What is being asked: Would you retype exactly the lines below, starting with the one that has "Сертификат соответствия Аргус №0010618" and going on through the one that has "young woman with", with no pictures and nothing else?

Records provided:
· · · · ·
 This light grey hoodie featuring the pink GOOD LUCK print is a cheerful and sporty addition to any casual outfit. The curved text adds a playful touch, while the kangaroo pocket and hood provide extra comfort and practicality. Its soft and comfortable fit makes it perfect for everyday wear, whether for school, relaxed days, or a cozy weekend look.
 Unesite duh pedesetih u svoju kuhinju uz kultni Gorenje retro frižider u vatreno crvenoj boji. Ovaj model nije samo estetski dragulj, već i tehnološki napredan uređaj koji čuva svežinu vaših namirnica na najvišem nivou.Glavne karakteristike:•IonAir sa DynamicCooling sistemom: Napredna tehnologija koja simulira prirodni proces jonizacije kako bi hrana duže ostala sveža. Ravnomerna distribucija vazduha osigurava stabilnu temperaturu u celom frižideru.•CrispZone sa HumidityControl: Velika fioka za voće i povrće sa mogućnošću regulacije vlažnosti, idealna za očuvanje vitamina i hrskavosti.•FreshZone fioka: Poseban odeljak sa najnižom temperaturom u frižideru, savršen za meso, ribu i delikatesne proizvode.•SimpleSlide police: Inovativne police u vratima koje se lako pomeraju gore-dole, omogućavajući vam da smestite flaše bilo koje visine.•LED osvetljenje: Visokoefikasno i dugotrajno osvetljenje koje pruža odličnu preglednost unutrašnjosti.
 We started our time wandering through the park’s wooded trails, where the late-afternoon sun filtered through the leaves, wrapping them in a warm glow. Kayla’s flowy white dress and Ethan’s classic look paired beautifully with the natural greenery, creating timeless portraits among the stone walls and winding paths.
· · · · ·
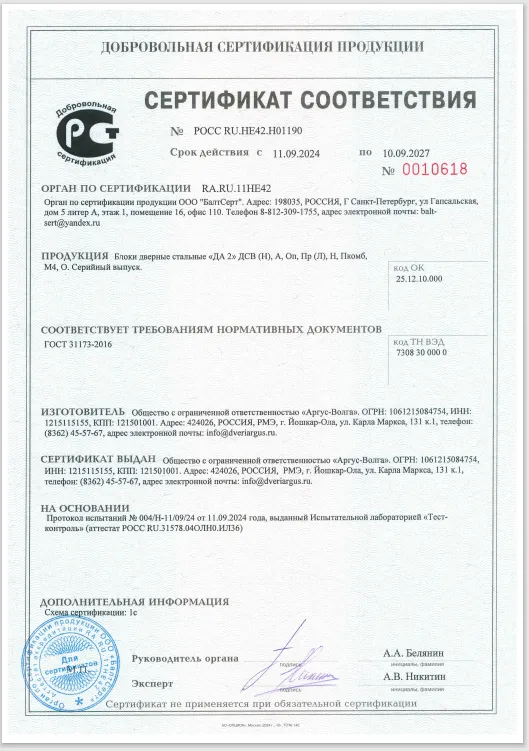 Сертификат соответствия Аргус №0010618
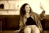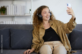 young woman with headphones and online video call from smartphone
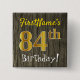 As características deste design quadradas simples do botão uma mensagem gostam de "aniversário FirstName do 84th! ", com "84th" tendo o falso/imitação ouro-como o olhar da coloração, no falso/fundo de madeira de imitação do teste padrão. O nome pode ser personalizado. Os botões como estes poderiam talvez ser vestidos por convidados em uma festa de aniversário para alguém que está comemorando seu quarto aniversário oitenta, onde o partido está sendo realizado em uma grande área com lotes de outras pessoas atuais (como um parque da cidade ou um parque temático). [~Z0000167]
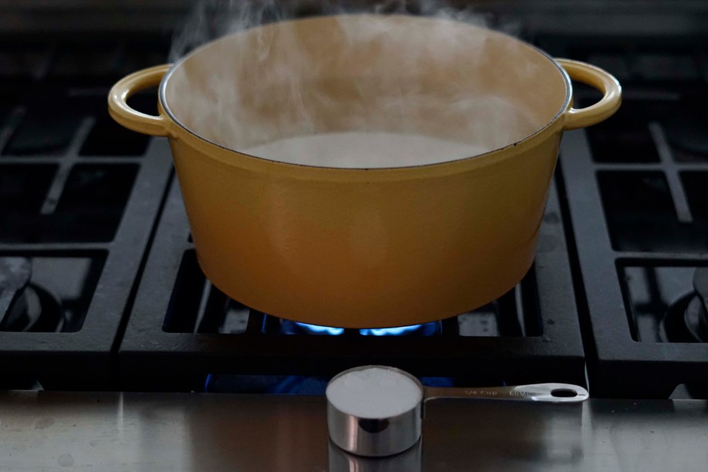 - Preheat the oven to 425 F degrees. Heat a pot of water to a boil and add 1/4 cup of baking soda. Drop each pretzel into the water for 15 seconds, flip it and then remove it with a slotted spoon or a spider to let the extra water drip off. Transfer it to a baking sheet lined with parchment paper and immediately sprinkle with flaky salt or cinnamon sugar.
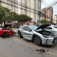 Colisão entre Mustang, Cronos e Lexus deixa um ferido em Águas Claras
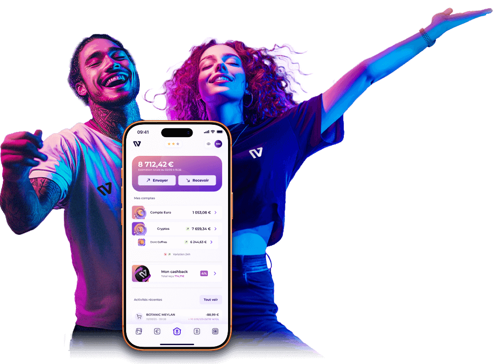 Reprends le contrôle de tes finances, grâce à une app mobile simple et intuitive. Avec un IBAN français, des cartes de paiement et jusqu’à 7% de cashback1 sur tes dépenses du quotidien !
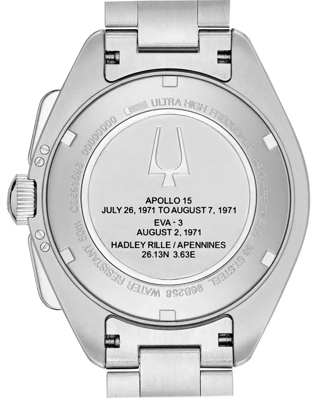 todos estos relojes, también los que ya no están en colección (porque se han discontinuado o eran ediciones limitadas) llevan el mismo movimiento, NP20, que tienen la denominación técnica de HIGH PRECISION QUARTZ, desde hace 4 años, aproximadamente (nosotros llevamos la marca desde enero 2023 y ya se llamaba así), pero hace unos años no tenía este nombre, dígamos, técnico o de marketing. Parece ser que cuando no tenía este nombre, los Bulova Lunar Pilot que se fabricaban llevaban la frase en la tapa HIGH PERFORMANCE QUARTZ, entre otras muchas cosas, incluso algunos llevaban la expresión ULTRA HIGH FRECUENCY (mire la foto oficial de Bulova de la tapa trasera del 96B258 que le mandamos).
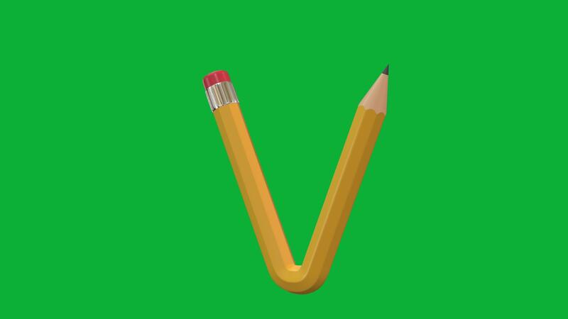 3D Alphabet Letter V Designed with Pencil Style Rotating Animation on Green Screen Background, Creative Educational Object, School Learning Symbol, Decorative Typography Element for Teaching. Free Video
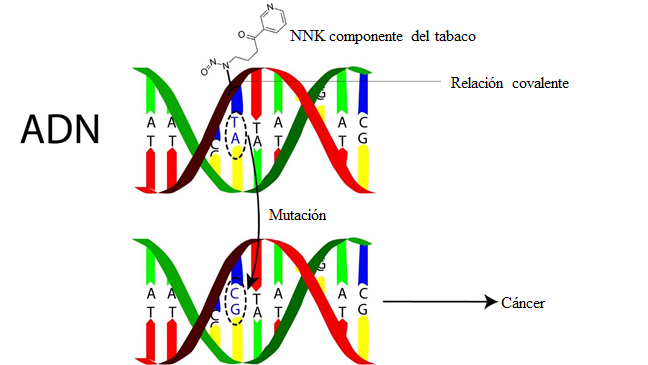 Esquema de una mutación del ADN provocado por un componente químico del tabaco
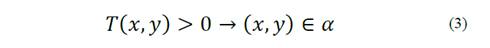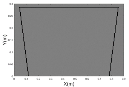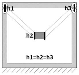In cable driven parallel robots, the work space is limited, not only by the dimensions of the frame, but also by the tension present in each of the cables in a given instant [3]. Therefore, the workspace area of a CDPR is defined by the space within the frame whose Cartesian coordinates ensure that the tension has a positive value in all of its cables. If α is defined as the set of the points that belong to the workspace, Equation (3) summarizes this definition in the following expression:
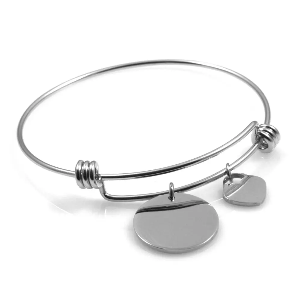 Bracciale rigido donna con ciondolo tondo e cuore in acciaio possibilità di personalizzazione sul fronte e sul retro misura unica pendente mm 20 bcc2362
· · · · ·
Problem solution:
 Сертификат соответствия Аргус №0010618
 young woman with headphones and online video call from smartphone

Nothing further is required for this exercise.